Awal tahun ajaran baru 2019/2020 lalu saya sempat terkejut ketika melihat siswa baru di SD kami. Awalnya begitu bahagia karena salah satu guru senior mengatakan bahwa jumlah siswa baru (kelas 1) ada 20 orang. Setelah saya lihat ke kelas ternyata hanya 2 orang, angka nolnya hilang.
Sontak saja guru tadi menjelaskan kenyataannya, sembari berkata:
"Nah, Zy inilah tandanya program Kampung KB sukses. 2 anak cukup, kan?"
Terang saja, saya dan rekan-rekan lain tergelak sejadi-jadinya. Ada juga rasa gelisah karena murid tahun ajaran 2019/2020 berkurang drastis. Padahal di tahun 2018, SD kami kedatangan murid baru sebanyak 9 orang.
Penurunan jumlah murid ini bukanlah karena kurangnya usaha. Sosialisasi sudah dilakukan, promosi juga sudah dimantapkan. Tapi, apalah daya desa kecil, di pelosok pula. Tambah lagi, setiap desa punya SD. Beruntung masih ada murid.
Zonasi di Desa Kecil, Menggelisahkan
Bagi Mas Nadiem, zonasi kedengarannya akan sangat mendukung peningkatan kualitas pendidikan di berbagai daerah. Sekolah hari ini kesannya bukan lagi tentang unggulan dan non-unggulan, tetapi tentang pemerataan. Baik itu kualitas siswa, kuantitas siswa, serta juga gurunya.
Berangkat dari harapan ini, maka digaungkanlah PPDB zonasi dimasukkan dalam salah satu program kebijakan "Merdeka Belajar". Dengan terbitnya Permendikbud Nomor 44 tahun 2019 tentang PPDB 2020, sistem zonasi mengalami sedikit modifikasi.
Sudut utama kebijakan ini adalah jalur afirmasi, yaitu untuk siswa dan keluarga yang tingkat ekonominya rendah baik di dalam maupun di luar zonasi.
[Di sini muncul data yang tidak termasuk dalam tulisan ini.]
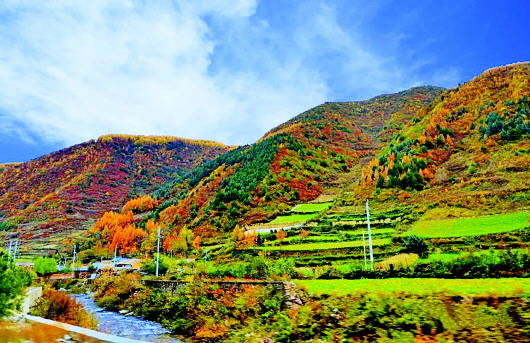層林盡染的上河峪,龍溪河靜靜流淌在金色畫卷深處。掩映在村落間的貢生老宅墨香環(huán)繞,與河畔的闖王磨一起見證著這里的厚重歷史。魚躍山澗,山林秋色浸透,菊花漫來陣陣芬芳,這里多彩的山水訴說著最美的秋日私語。紅葉如火,黃葉如夢,任誰都不舍在這妙境中離去。(文宣)

Jika menilik dari pengalaman tahun lalu, pendaftaran jalur afirmasi didasarkan pada jarak rumah siswa ke sekolah yang ia tuju.
Sebenarnya, berapapun komposisi PPDB jalur zonasi tidak terlalu berpengaruh besar terhadap jumlah siswa yang mendaftar di sekolah. Apalagi jika sekolah berada di pusat kota yang padat penduduknya.
Sekolah banyak, namun jumlah siswa juga banyak. Jangankan untuk sekolah negeri, sekolah swasta pun sampai bertingkat-tingkat kelasnya. Persaingannya semakin ketat, dan di sinilah hadir kegelisahan akibat zonasi.
Keinginan siswa untuk mendaftar di sekolah unggulan jati terbelenggu. Prestasi? Toh, tidak semua siswa punya piagam penghargaan tingkat nasional. Walaupun demikian, jika sekolahnya masih di kota tidak begitu bermasalah.